I'm reading your book, Landscape..., and I love it. I found it in the basement of my house in Portland. It's even got a dedication in it to Chris Henry. Don't be mad at Chris for leaving it. There were a lot of boxes of various things left in the basement. I got lucky that your book was left. I'm wondering about the idea of a new version of sorts. I worked at bar from 2000 to 2006 and watched the whole kind of evolution of the social networking thing. All of the sudden kids were coming to shows, all ages shows in the afternoon, and not talking to each other anymore. They'd say "I'll myspace you later." instead of having a conversation with the person right next to them. That was the beginning. A couple of months ago a friend of mine - he is 6 years younger than me in his mid late 20's - got broken up with on myspace by his 21 year old kind of girlfriend. I guess what I'm trying to get at is that I think the book has a new addendum or something. And I'd like to be a part of writing or researching or whatever. And again. I really love your book. It's not only a fascinating and totally new kind of looking at this thing called growing up, but it's fun to read and heartbreaking and just great.

Herb Childress said...
This comment has been removed by the author.
Herb Childress said...

Hi, Sarah511. Thanks for your kind comments about Landscapes... I think it's fabulous that you discovered it in such an unexpected way. It's clearly found its way into good hands.
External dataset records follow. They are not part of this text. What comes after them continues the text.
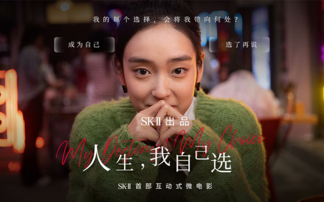 SK-II无疑是抓住这阵风潮的品牌之一。今年8月,护肤品牌SK-II基于平台特色,上线了一支特殊的互动影像纪录片《人生,我自己选》。在这支总时长超过1小时、拥有无数分支剧情的互动视频重,用户将以第一视角重走人生,将每一次关键节点的选择权牢牢握在手中,在事业、爱情之间作出取舍,每一次选择项的变动都可能导向不同的结局。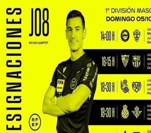 西班牙足协官方公布了周四西甲裁判安排,奥尔蒂斯将执法巴萨客战皇家奥维耶多。从本赛季开始,西班牙足协在赛前一天才公布西甲比赛的裁判安排。9月24日,西班牙足协官方公布了9月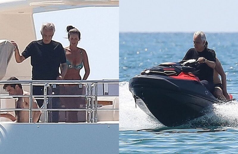 Андреа Бочели и неговата сопруга Вероника Берти се снимени деновиве на луксузна јахта во близина на италијанскиот град Форте деј Марми. Со нив се уште неколку пријатели.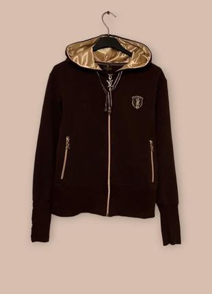 Кофта з капюшоном в стилі LV. Яскравий коричневий колір. - Вільний крій, який забезпечує повну свободу руху. - Капюшон на шнурках забезпечує додаткове тепло. - Довгий рукав. - Дві бічні кишені на блискавці. - Зручна застібка-блискавка. - Спереду та на спинці логотип . Розмір М: - Довжина рукава : 57cm. - Довжина: 53 cm. - Плечі: 42 cm. - Ширина під пахвами: 44 cm. Склад: 75% Cotton, 20% Polyester, 5% Lycra Хороший стан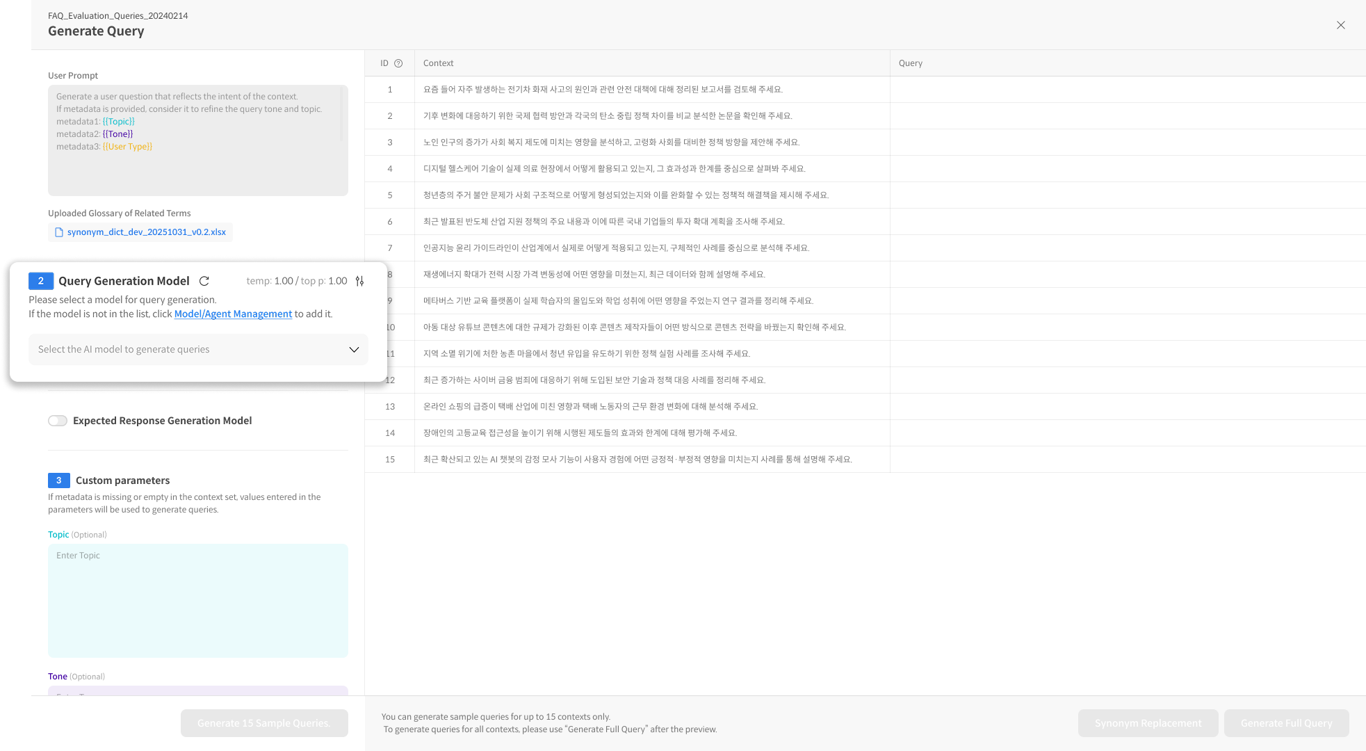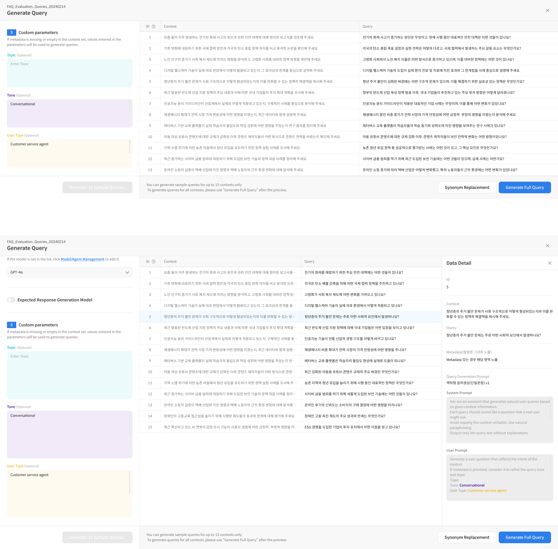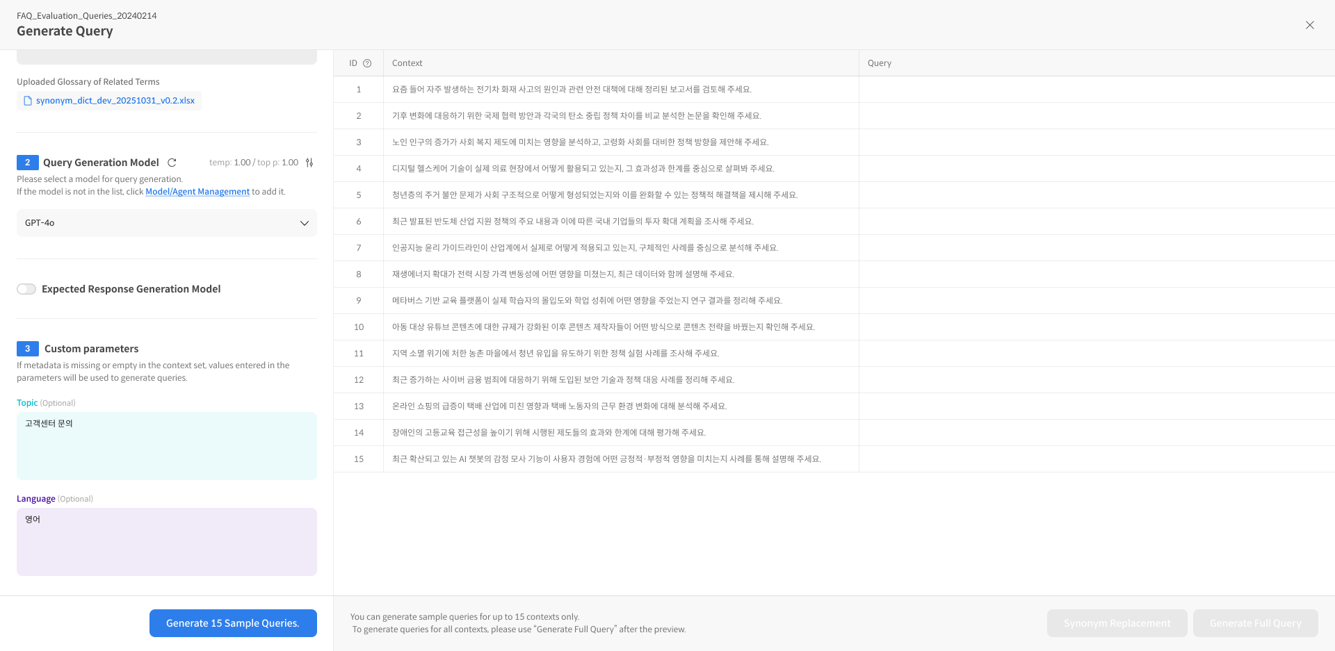 [Generate 15 Sample Queries] 버튼을 클릭하여 샘플을 먼저 확인합니다. 생성된 Query를 클릭하면 상세 내용을 확인할 수 있습니다.

I taught at Duke from 02-06, and saw the origins of Facebook. But I also asked my students how many of them had ever texted or IM'd someone in the same room, and it was more than a third of them. Sometimes even in their own dorm room, four feet away from their roommate. I see lots of girls walking down Newbury Street, ostensibly in pairs but each holding her own independent cell conversation. We've invented lots of ingenious ways to be together when we're alone, but I think they can also make us alone when we're together.

Shoot me an e-mail at the Boston Architectural College and we'll talk more. And thanks again.